Friday, March 05, 2010

"Wild Strawberries" (Language - Swedish) (1957) - Movie Classics

Into the steps and finally to the doors of Ingmar Bergman’s classics, I watched “Wild Strawberries”, a tale so sweet and so compassionate that it pushes you to tears and then brings back to calm jubilation. Having been well reserved into the films of Bergman’s, I think there will be flurries of his films to be reviewed by me. After Akira Kurosawa, Ingmar Bergman is the director with a film making me completely comfortable of how much I will be enjoying this one and many of his. I feel like a man finding a rare treasure and knowing that there exists many more like this. This cannot be more wonderful for a tough week to end in a beautiful Friday evening.

Isak Borg (Victor Sjöström) is a lonely old man. The film begins with what might be called the greatest sentence about a laziness of a man not ready to be social or can also be called as an adamant man adherent to his principles. The line goes like this, “In our relations with other people, we mainly discuss and evaluate their character and behavior. That is why I have withdrawn from nearly so-called relations.” An artistic epitaph for a lone and sad man. But I infer a man respecting principles over relationship. A poetry on a conflict and that is how the rest of the film unfolds to its viewers.

Bergman makes death more deadlier than we would think and than leaps us with some icy cold people to make death a better option. These people in the terms of socially interaction are not the violent or dangerous beings but their nature kills the surroundings. The definition of an unconditional love is almost non-existent when we meet them. Fortunately it is all palatable in Bergman’s presentation but the profoundness strikes as the scene is finished.

Isak has led a successful career as a medical professional and now he is being honored. The film is the day leading to it. He has a frightening dream. He dreams of his death in how the dreams will be. Chaotic but precise in its meaning are these dreams. He gets up earlier and decides to drive instead of taking a flight. His 40 years of house keeper Miss Agda (Julian Kindahl) knows the man more than a wife would know her husband. They have a tiff right in the morning but make up as a cute old couple. His daughter-in-law Marianne (Ingrid Thulin) comes down and decides to drive along with him to the destination where her husband and son of Isak will be waiting. Why she is with him will be answered and will provide the final nail in the coffin of this old man’s realization of the life he has led and left with.
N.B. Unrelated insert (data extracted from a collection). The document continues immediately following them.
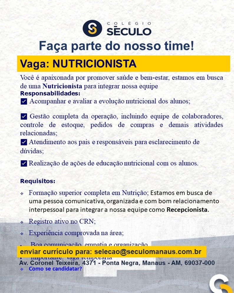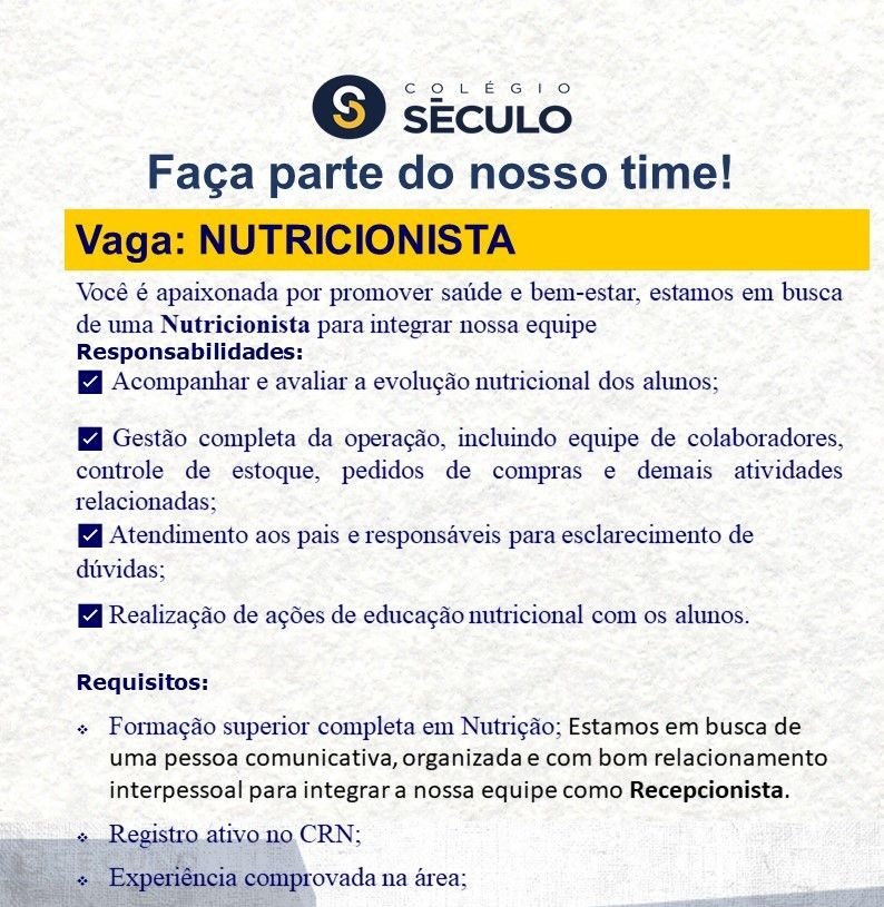 Centro educacional seleciona Nutricionista; Envie seu currículo!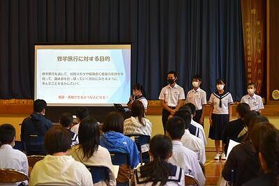 また、修学旅行についての発表もありました。それぞれの役割でスライドを作り、とても分かりやすく工夫されているところから修学旅行への思いを強く感じました。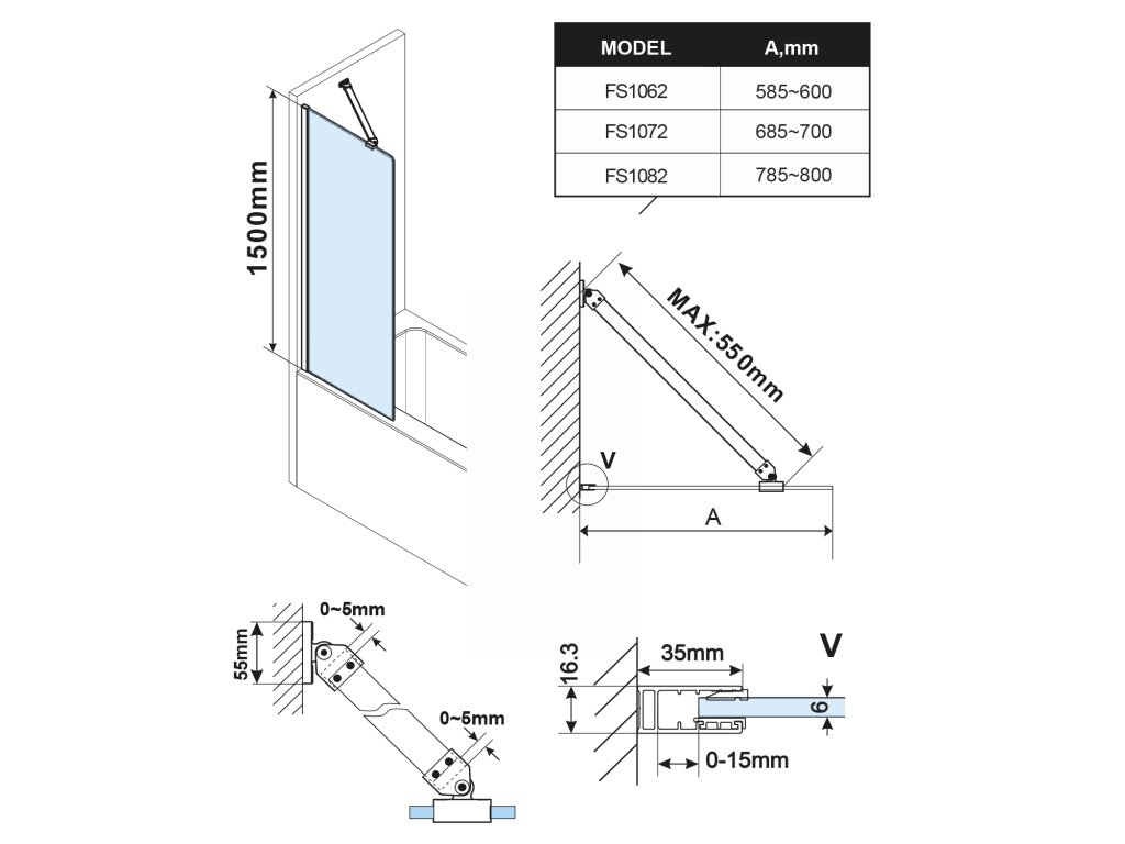 FISA vaňová zástena 700x1500mm, mm, biela mat, číre sklo

Bergman like Kurosawa speaks as a wise old man in the most unexpected characters. As the journey begins, within couple of minutes Marianne mentions how much she dislikes Isak and Isak not surprised questions it, almost without interest. These characters speak the meanest things possible in the most sweetest way and the other characters receive it and give it right back at them. The clarity of meanness is entertaining but scares of knowing these people.

Isak is nice in the formal way and Marianne can see it like a transparent clean glass. She knows it because his son is a product of him. Due to the dream, Isak decides to stop at his childhood places. One being the summer house where his family of ten siblings along with other cousins spent their holidays. He flashes back to those days and he sees the people he vividly remembers.Sara (Bibi Andersson) is the love he lost to his brother. We learn that yearning and how it has caused the damage to the rest of his life.

These scenes where he goes as the old man and relives those are touch of genius. Isn’t most of our memories a first person experience than a young version of ourselves? How come none of the other film makers realize that? It is simple and obvious that it almost makes us idiotic to acknowledge those depictions. Bergman does not and he gives a realistic look on the memories we would see.

Along this ride, there are three young hitchhikers to Italy. A female coincidentally and rightfully named Sara rides along with two of his love interest of opposite beliefs. Viktor (Björn Bjelfvenstam) and Anders (Folke Sundquist) fight about god and science. They are full of life and are astonished by this great man. Isak looks at them with a smile. Along they see another couple whose broken marriage terrifies the others. But it brings back more nightmares to Isak in his dreams.

Bergman’s film will be desecrated to simply call it moving. It is a fable with flesh and blood. It is brutal in its people but gentle on its teachings. It feels for the people and treats them clinically. It gives history as a guiding lesson to their soul and finally lightens it up too with a touch of magic. Of all, “Wild Strawberries” is a classic to see and make amends, peace and happiness with the life we have, had and will end.